In calculating the similarity measure $BC$ , we subtract the Bray-Curtis distance from the value 1:

$\begin{equation} BC=1-d(x_1,x_2) \end{equation}$

Jaccard

Jaccard's distance (measure of dissimilarity) is calculated for binary variables (Jaccard, 1901), where 1 indicates the presence of a feature 0- its absence.

$\begin{tabular}{|c|c||c|c|} \hline \multicolumn{2}{|c||}{ }& \multicolumn{2}{|c|}{object 1}\\\cline{3-4} \multicolumn{2}{|c||}{ }& 1 & 0 \\\hline \hline \multirow{2}{*}{object 2}& 1 & a & b \\\cline{2-4} & 0 & c & d\\\hline \end{tabular}$

The Jacckard distance is expressed by the formula:

$\begin{equation} d(x_1,x_2)=1-J. \end{equation}$

where:

$J=\frac{a}{a+b+c}$ - Jaccard similarity coefficient.

Jaccard similarity coefficient is in the range [0,1], where 1 means the highest similarity, 0 - the lowest. Distance (dissimilarity) is interpreted in the opposite way: 1 - means that the compared objects are dissimilar, 0 - that they are very similar. The meaning of Jaccard's similarity coefficient is well described by the situation involving the choice of goods by customers.
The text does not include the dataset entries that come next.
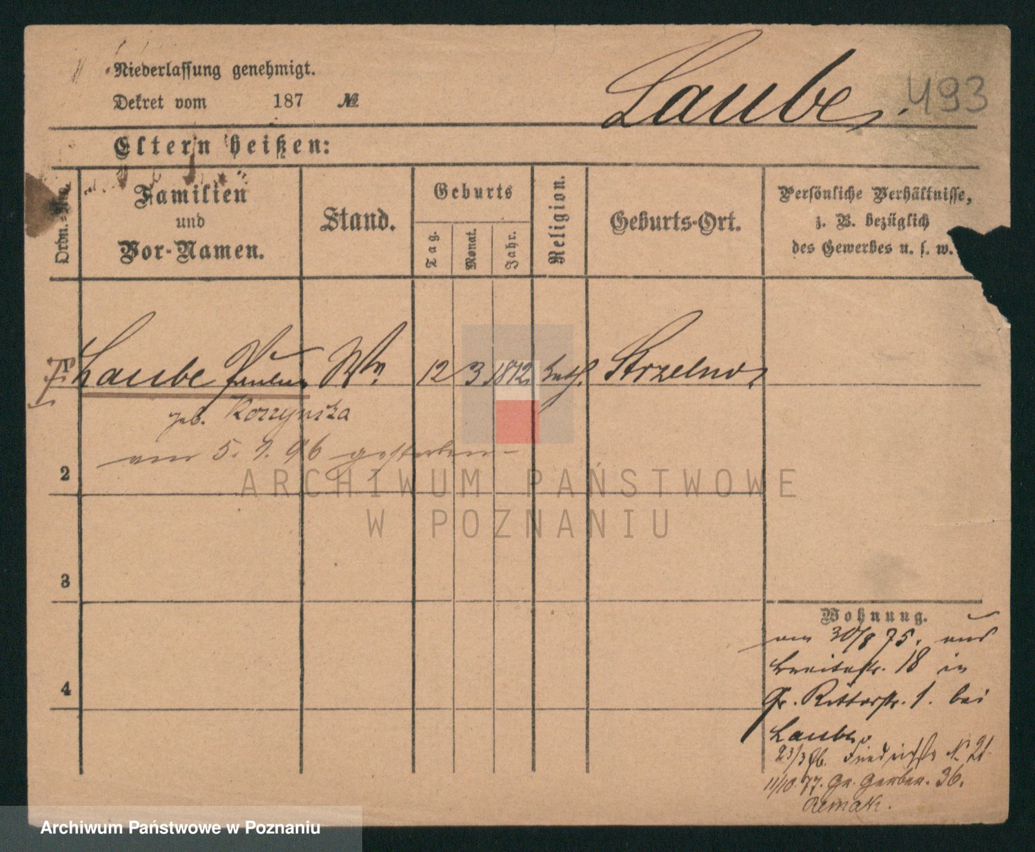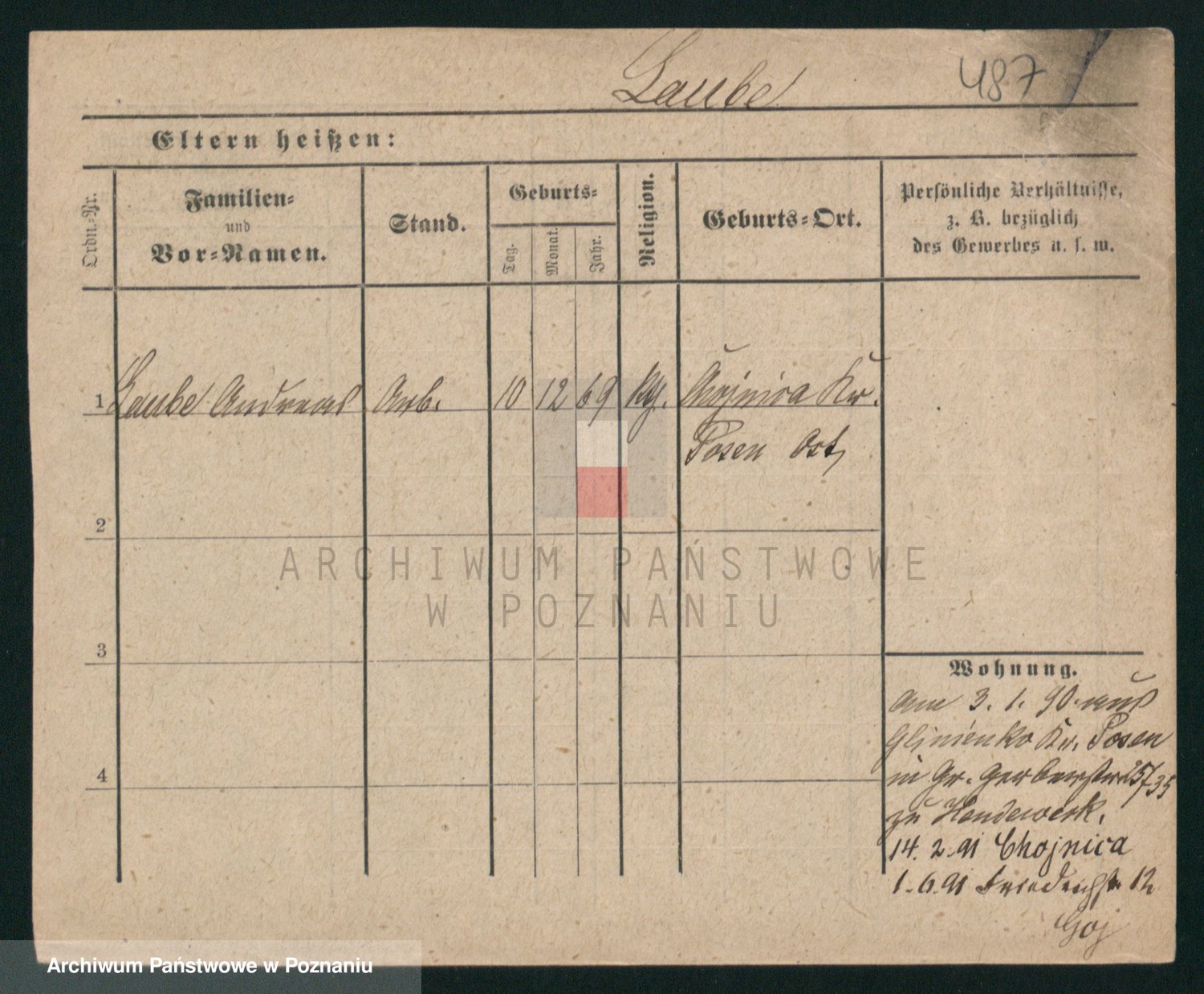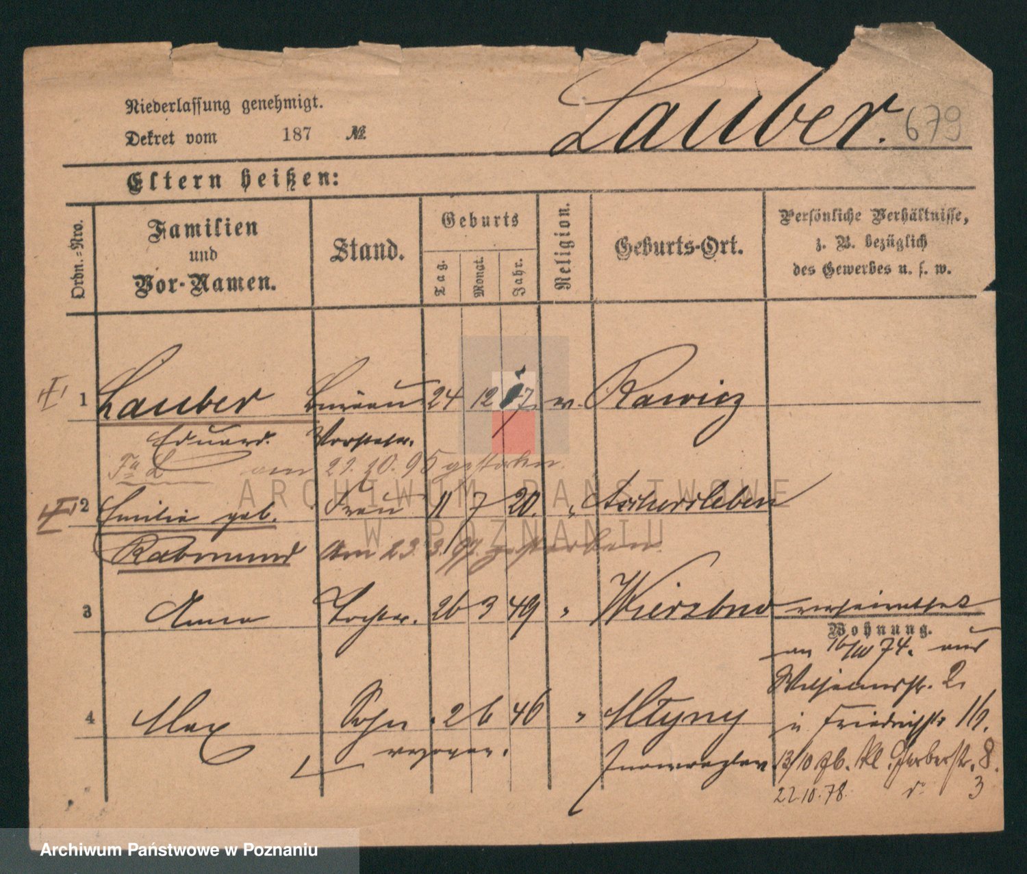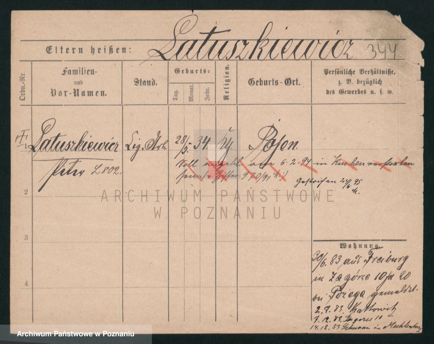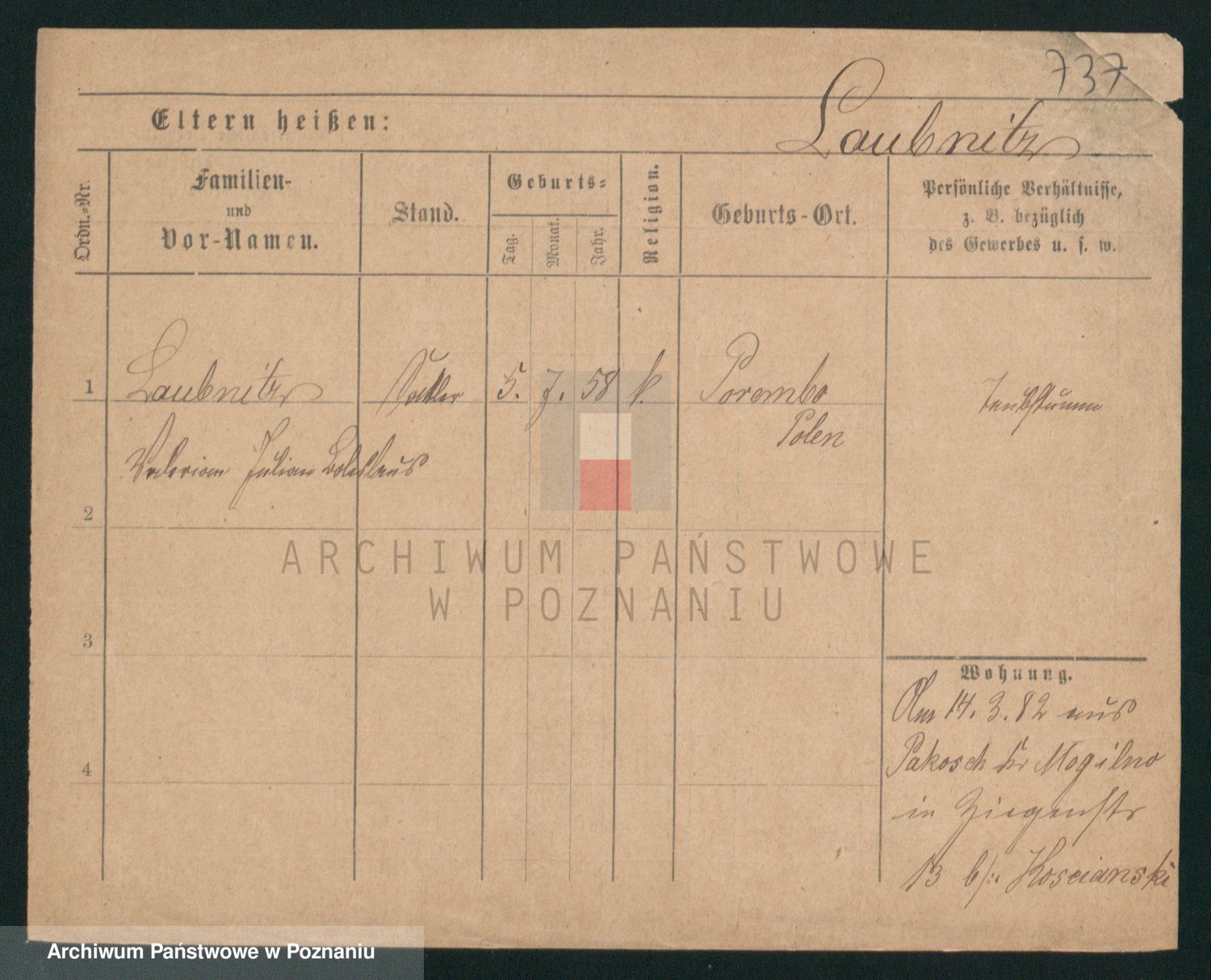 Podgląd karty osobowej dostępny jest po kliknięciu na nazwisko lub ikonkę karty. Można dokonywać powiększenia (ikony na górze) lub przechodzić między kolejnymi skanami (strzałki po bokach).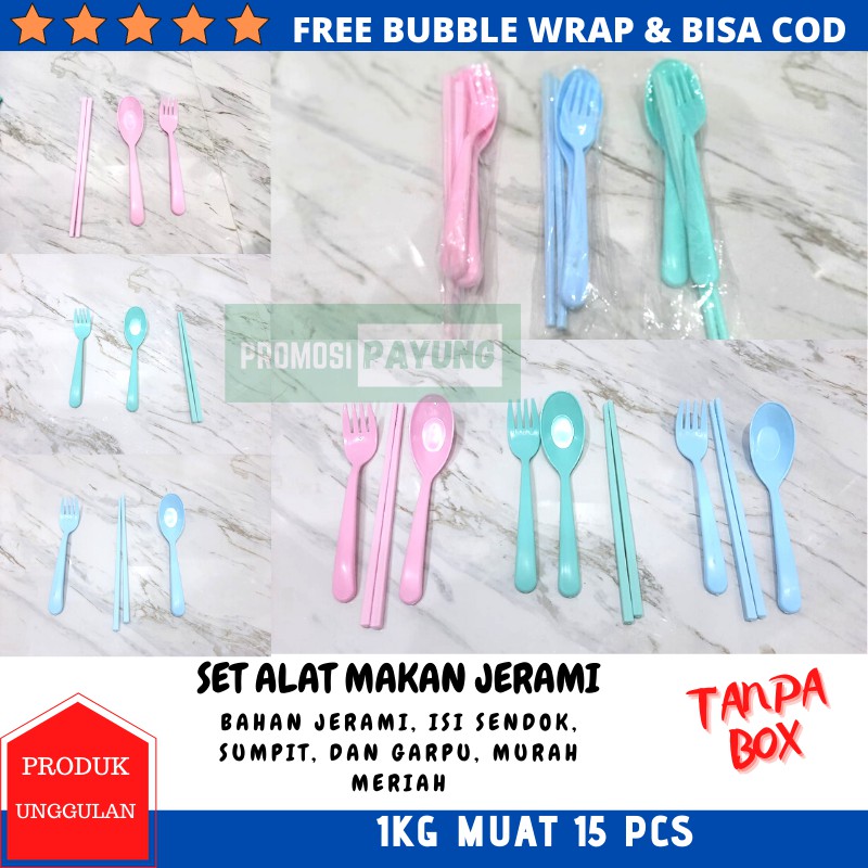 Set Alat Makan Jerami ini terbuat dari Plastik berkualitas (Jerami Gandum), bahannya yang kuat dan juga dilengkapi dengan 3 warna yang lembut.Warna-warnanya:- Pink muda- Biru muda- Hijau muda- cream- unguUkurannya sangat cocok dibawa buat bekal sekolah, tempat kerja maupun travelling.1KG BISA ISI 15 PCSCocok sebagai pelengkap hadiah atau souvenir.Yang didapat :*sendok, garpu, dan sumpit*Bahan Jerami gandum*Panjang kurang lebih 19-20cm*Packing plastik*Produk sesuai foto, tidak ada kotaknya.Silahkan dituliskan warnanya saat melakukan checkout, jika tidak maka akan dikirim warna random.#Happy shoppingKet:- Tidak disarankan dipakai untuk suhu yang sangat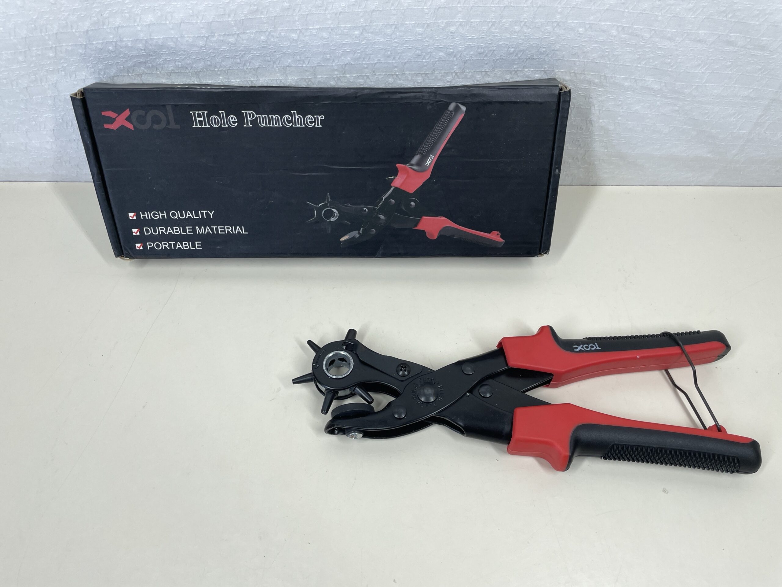 - 【Convenient Storage】 In the bottom of punch plier, there is a stainless buckle. When you don’t work, you can buckle the safe lock. And the punch plier will become small to save your space.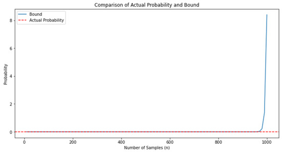 The culmination of our numerical illustration is visualized through a line plot. This plot showcases the theoretical bound alongside the actual probability for different sample sizes, offering a visual comparison of the concentration behavior in Figure 5 below.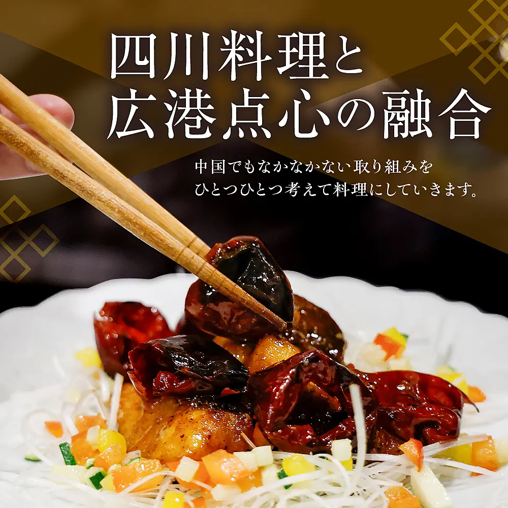 【恵比寿 四川料理】中國菜 李白「旬の芽室食材とフカヒレの姿煮入り贅沢コース」食事券1名様分 me061-051-1

By 1 we denote the fact that the customer bought the given product, 0 - the customer did not buy this product. Calculating the Jaccard coefficient you compare 2 products to find out what part of the customers buy them in together. Of course we are not interested in information about customers who did not buy either of the compared items. Instead, we are interested in how many people who choose one of the compared products choose the other one at the same time. The sum $a+b+c$ - is the number of customers who chose either of the compared items, $a$ - is the number of customers choosing both items at the same time. The higher Jaccard's similarity coefficient, the more inseparable the products are (the purchase of one is accompanied by the purchase of the other). The opposite will happen when we get a high Jaccard dissimilarity coefficient. It will indicate that the products are highly competitive, i.e. the purchase of one will result in the lack of purchase of the other.

The formula for Jaccard's similarity coefficient can also be written in general form:

$J=\frac{\sum_{k=1}^nx_{1k}x_{2k}}{\sum_{k=1}^nx_{1k}^2\sum_{k=1}^nx_{2k}^2-\sum_{k=1}^nx_{1k}x_{2k}}$

proposed by Tanimoto (1957). An important feature of Tanimoto's formula is that it can also be computed for continuous features.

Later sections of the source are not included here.